My hometown of Chicago is all in a tizzy as public school teachers went on strike for the first time in 25 years. Growing up, I remember the teachers being on strike a lot, granted that is no comfort to the hundreds of thousands of parents scrambling today with their kids, many whom need to go to work.

In recent years it seems teachers have become public enemy number one in the minds of many, how dare they want things that those in the private sector don’t have, like good health care, pension, etc., the nerve of these damn teachers after all everyone knows they really only work part of the year and have short work days…those greedy assholes!

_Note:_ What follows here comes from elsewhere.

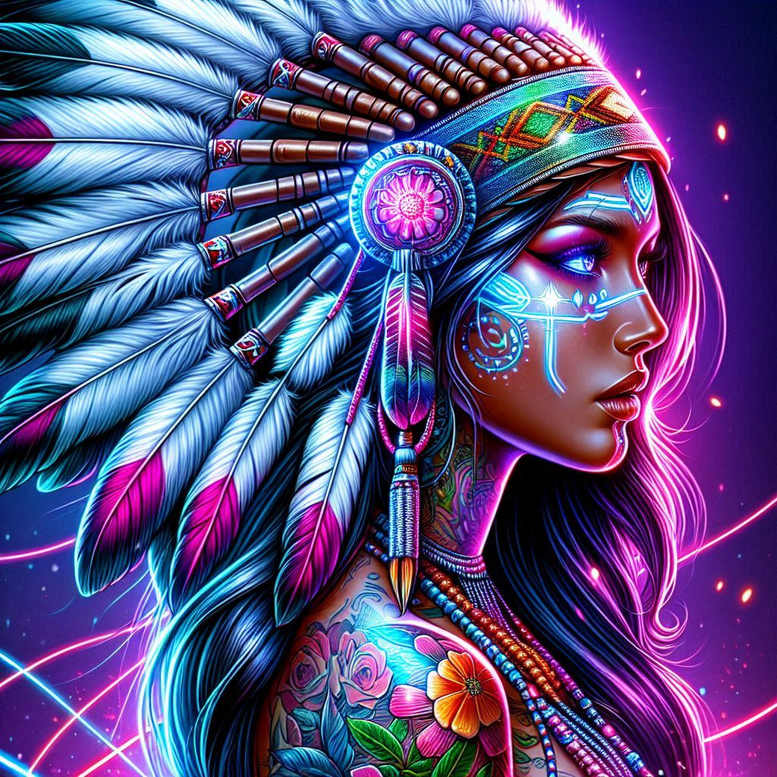 This AI-generated tattoo project showcases a vibrant neon portrait anchored by an ornate Native headdress. The central image is a profile of a woman whose long hair frames a feathered headdress, each feather rendered in blue, white, and pink hues to create a luminous cascade. A multicolor headband and a beaded necklace establish a ceremonial tone, while a tattoo along the shoulder reveals a lush bouquet of flowers, including roses and tropical blooms, interwoven with curving vines. Neon linework traces across the face and neck in cyan and magenta, forming geometric and tribal-inspired motifs that echo cultural symbolism while remaining respectful and stylized. The piece employs a mix of bold outlines and soft color shading to deliver a dynamic, glowing look that reads as a full-color tattoo design on the skin. Techniques draw from digital illustration aesthetics and influences of fine line tattoo, with careful attention to line weight, negative space, and rhythm across the composition. The floral elements symbolize growth and resilience, while the headdress nods to lineage and tradition; the neon glow suggests energy and renewal, making this a meaningful tattoo concept for a larger canvas such as the shoulder or sleeve. This design positions itself at the intersection of flower tattoos, Japanese style tattoo-inspired silhouettes, and tribal-inspired motifs within a modern color palette, embodying a bold, memorable body art statement. For tattooists and clients, it demonstrates how custom tattoo design can fuse ceremonial symbolism with contemporary color studies, while AI-generated tattoo projects like this expand the toolbox for meaningful tattoos, pattern-driven compositions, and vibrant flower tattoos.

If only that were true! When I was a graduate student, I toyed with the idea of making a career change and going into teaching. Thankfully before I rearranged my entire professional tract and schooling, I decided to become a substitute teacher which as a degree holder was fairly easy. Yet, let me tell, you, teaching is one of the hardest jobs ever. For starters I learned in that year of subbing that teachers in many places at least in Maine and apparently back in my hometown, don’t get social security benefits when they retire. Instead they pay into the Teachers Retirement System, by paying a portion of their salary into that system, in Illinois in 2011 that was 9.4% of their salary. Now us average stiffs either have 401K’s or something (maybe nothing) but if all else fails we know we will have a meager Social Security check when we get too old to work, granted Social Security may not be around but hey, let’s believe that it will. What that means is even so-called well paid teachers aren’t taking home as much money as many of us assume and why things like raises are sort of nice. After all teachers don’t catch a break at the pump, they have to pay full price for shit just like the rest of the stiffs.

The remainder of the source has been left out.